Skip to content

3.5   Summary

1.   Key review

  • Data structures can be categorized from two perspectives: logical structure and physical structure. Logical structure describes the logical relationships between data elements, while physical structure describes how data is stored in computer memory.
  • Common logical structures include linear, tree-like, and network structures. We generally classify data structures into linear (arrays, linked lists, stacks, queues) and non-linear (trees, graphs, heaps) based on their logical structure. The implementation of hash tables may involve both linear and non-linear data structures.
  • When a program runs, data is stored in computer memory. Each memory space has a corresponding memory address, and the program accesses data through these addresses.
  • Physical structures are primarily divided into contiguous space storage (arrays) and dispersed space storage (linked lists). All data structures are implemented using arrays, linked lists, or a combination of both.
  • Basic data types in computers include integers (byte, short, int, long), floating-point numbers (float, double), characters (char), and booleans (boolean). Their range depends on the size of the space occupied and the representation method.
  • Original code, complement code, and two's complement code are three methods of encoding numbers in computers, and they can be converted into each other. The highest bit of the original code of an integer is the sign bit, and the remaining bits represent the value of the number.
  • Integers are stored in computers in the form of two's complement. In this representation, the computer can treat the addition of positive and negative numbers uniformly, without the need for special hardware circuits for subtraction, and there is no ambiguity of positive and negative zero.
  • The encoding of floating-point numbers consists of 1 sign bit, 8 exponent bits, and 23 fraction bits. Due to the presence of the exponent bit, the range of floating-point numbers is much greater than that of integers, but at the cost of sacrificing precision.
  • ASCII is the earliest English character set, 1 byte in length, and includes 127 characters. The GBK character set is a commonly used Chinese character set, including more than 20,000 Chinese characters. Unicode strives to provide a complete character set standard, including characters from various languages worldwide, thus solving the problem of garbled characters caused by inconsistent character encoding methods.
  • UTF-8 is the most popular Unicode encoding method, with excellent universality. It is a variable-length encoding method with good scalability and effectively improves the efficiency of space usage. UTF-16 and UTF-32 are fixed-length encoding methods. When encoding Chinese characters, UTF-16 occupies less space than UTF-8. Programming languages like Java and C# use UTF-16 encoding by default.

2.   Q & A

Q: Why does a hash table contain both linear and non-linear data structures?
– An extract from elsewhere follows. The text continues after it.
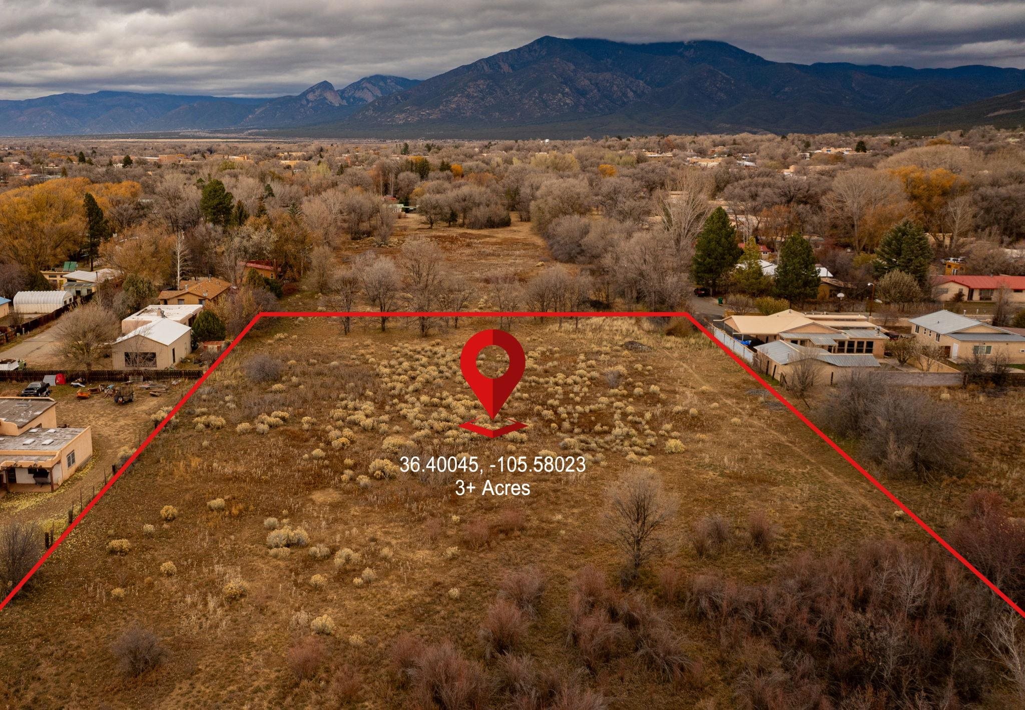 Rare Parcel with Acreage in the Center of Taos ~ A secluded oasis right in the middle of town perfect for a single family residence, or residential development project. A short walk and even shorter drive to Taos Plaza, shopping, restaurants, public parks, and so on. Drive by and take a look a one of the last large parcels near Downtown Taos.

The underlying structure of a hash table is an array. To resolve hash collisions, we may use "chaining": each bucket in the array points to a linked list, which, when exceeding a certain threshold, might be transformed into a tree (usually a red-black tree). From a storage perspective, the foundation of a hash table is an array, where each bucket slot might contain a value, a linked list, or a tree. Therefore, hash tables may contain both linear data structures (arrays, linked lists) and non-linear data structures (trees).

Q: Is the length of the char type 1 byte?

The length of the char type is determined by the encoding method used by the programming language. For example, Java, JavaScript, TypeScript, and C# all use UTF-16 encoding (to save Unicode code points), so the length of the char type is 2 bytes.

Q: Is there ambiguity in calling data structures based on arrays "static data structures"? Because operations like push and pop on stacks are "dynamic".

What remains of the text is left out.